I. Lachlan Og, First MacLean of Torloisk.

Second son of Sir Lachlan Mor Maclean. He received from his father a charter of the lands of Lehire-Torloisk, forfeited by the son of Ailean nan Sop, which was afterward confirmed by royal grant. He was present at the Battle of Gruinnart, and was severely wounded. He was a witness to a charter given by his father to Martin MacGillivray of Pennyghael, and subscribed himself in the Irish characters, Mise Lachin Mhac Gilleoin. He was an important man in his day, and was so influential that he was compelled to make his appearance before the privy council.

Torloisk House (and Torloisk Estate) as they now exist are the result of alterations and additions made under the ownership of Admiral William Compton, 4th Marquess of Northampton. The architect of the changes was Peter Lyle Barclay Henderson.
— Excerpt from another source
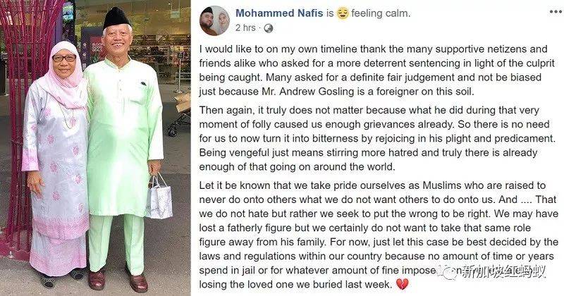 不過,死者納斯阿裏的侄子在8月30日,曾在個人面簿上發了一則文貼,籲請大家不要懷有怨恨,也無須以怨報怨、冤冤相報。

Lachlan Maclean built the original Georgian part to today's house in the 1770s, with money he had made from the kelp industry in the 18th century. Kelp was used as fertilizer and smelted to make iodine. The house was a charming, white coloured, well proportioned house (Wilmena de Normann's water colour painting of it is in the library). It remained so for almost 100 years until Lord William Compton inherited. ... William was a naval officer by profession and rose to the rank of Admiral.

==Pyromania==
There was an unusual case of pyromania at Torloisk House in the year 1848.
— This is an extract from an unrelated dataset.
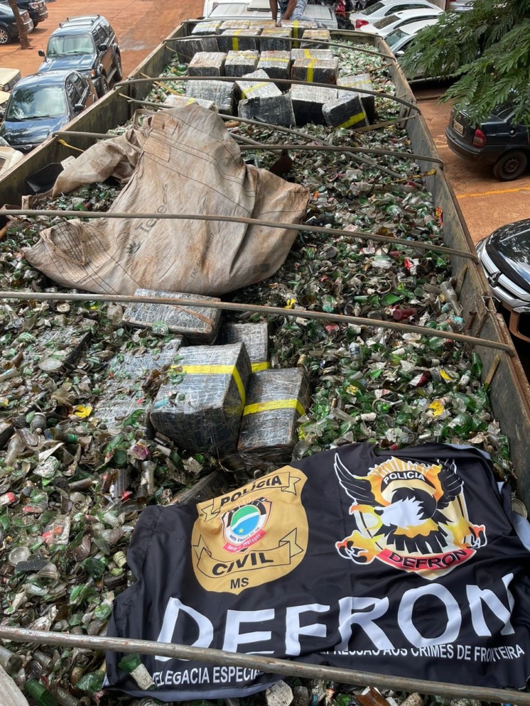 A Delegacia Especializada de Repressão aos Crimes de Fronteira (Defron) apreendeu 1,8 tonelada de maconha que estava escondida em meio a cacos de vidro que seriam levados para reciclagem.

On Sunday, the 11th of November, the curtains of a bed were ignited, as was supposed, by lightning; a window-blind followed; and immediately afterwards the curtains of five rooms broke out one after another into a flame; even the towels hanging up in the kitchen were burnt. The next day a bed took fire, and it being thought advisable to carry the bed-linen into the coach-house for safety, it caught fire three or four times during the process of removal. In a few days the phenomenon was renewed. The furniture, books, and everything else of an inflammable nature were, with much labour, taken from the mansion, and again some body-linen burst into a flame on the way. Even after these precautions had been taken, and persons had been set to watch in every part of the house, the mysterious fires continued to haunt it until the 22nd of February, 1849. It was suspected from the first that they were the work of an incendiary, and upon a rigid examination of the household before the Fiscal-General and the Sheriff the mischief was traced to the daughter of the housekeeper, a young girl, who was on a visit to her mother. She had effected her purpose, which was perfectly motiveless, by concealing combustibles in different parts of the house.